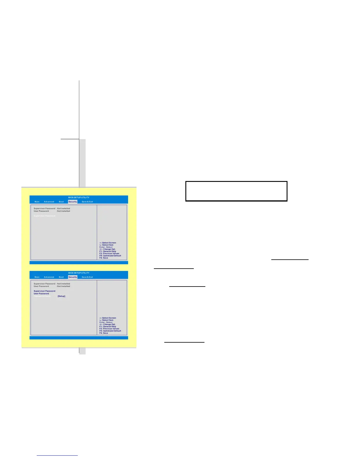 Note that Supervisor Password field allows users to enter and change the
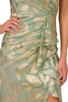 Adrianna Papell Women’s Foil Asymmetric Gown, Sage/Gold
* * *
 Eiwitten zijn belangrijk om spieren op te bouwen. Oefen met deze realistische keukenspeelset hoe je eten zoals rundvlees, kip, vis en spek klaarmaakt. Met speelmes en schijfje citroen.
--
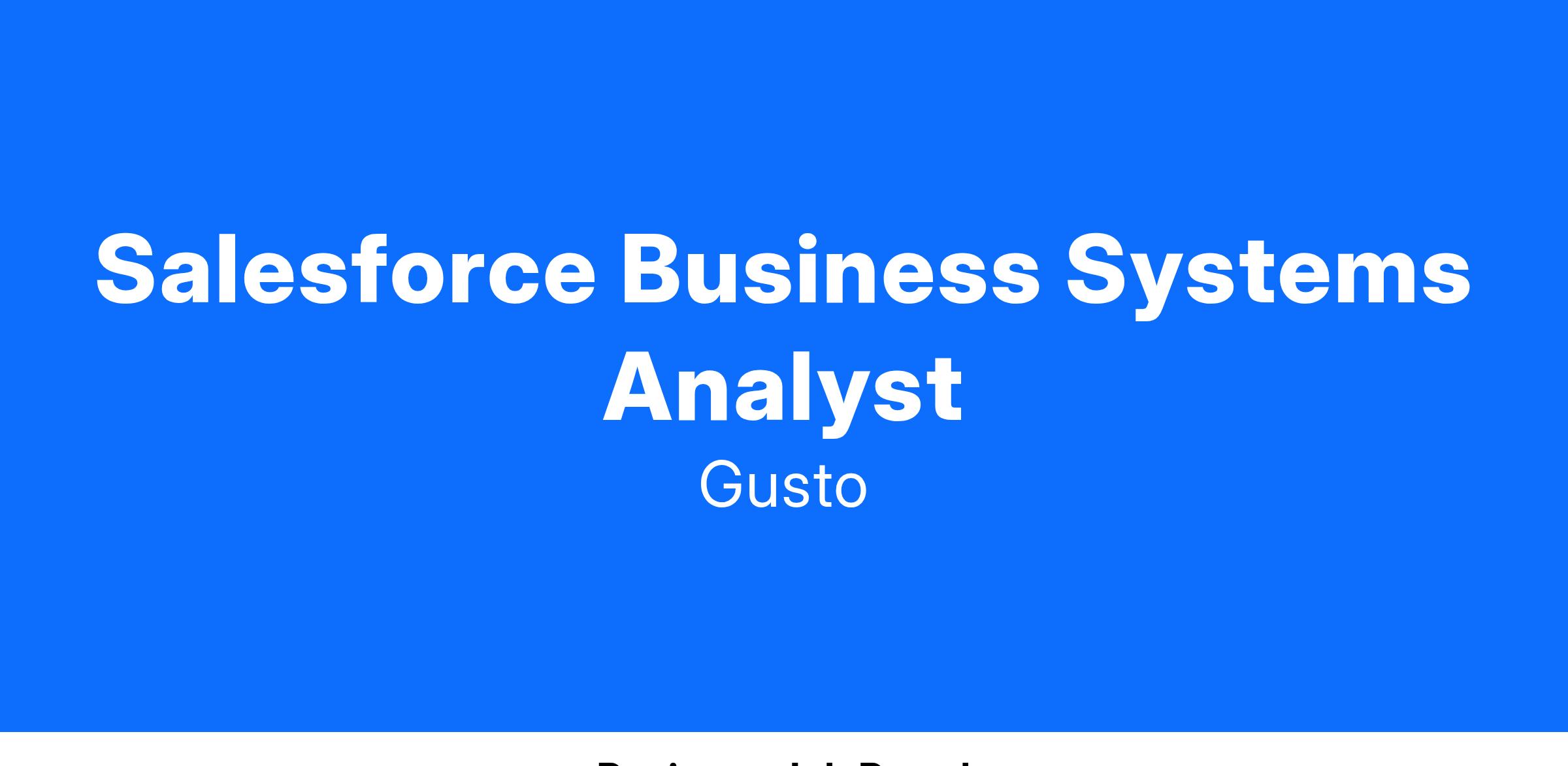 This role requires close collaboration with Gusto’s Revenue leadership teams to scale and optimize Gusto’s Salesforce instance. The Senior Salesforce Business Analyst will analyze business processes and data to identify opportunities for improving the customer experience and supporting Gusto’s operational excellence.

What the exercise asks: Although pictures appear among the records above, write out exactly only the lines from the one that has "Note that Supervisor" through the one that has "Adrianna Papell Women’s", and leave the pictures out.

Finished task:
 Note that Supervisor Password field allows users to enter and change the
 Adrianna Papell Women’s Foil Asymmetric Gown, Sage/Gold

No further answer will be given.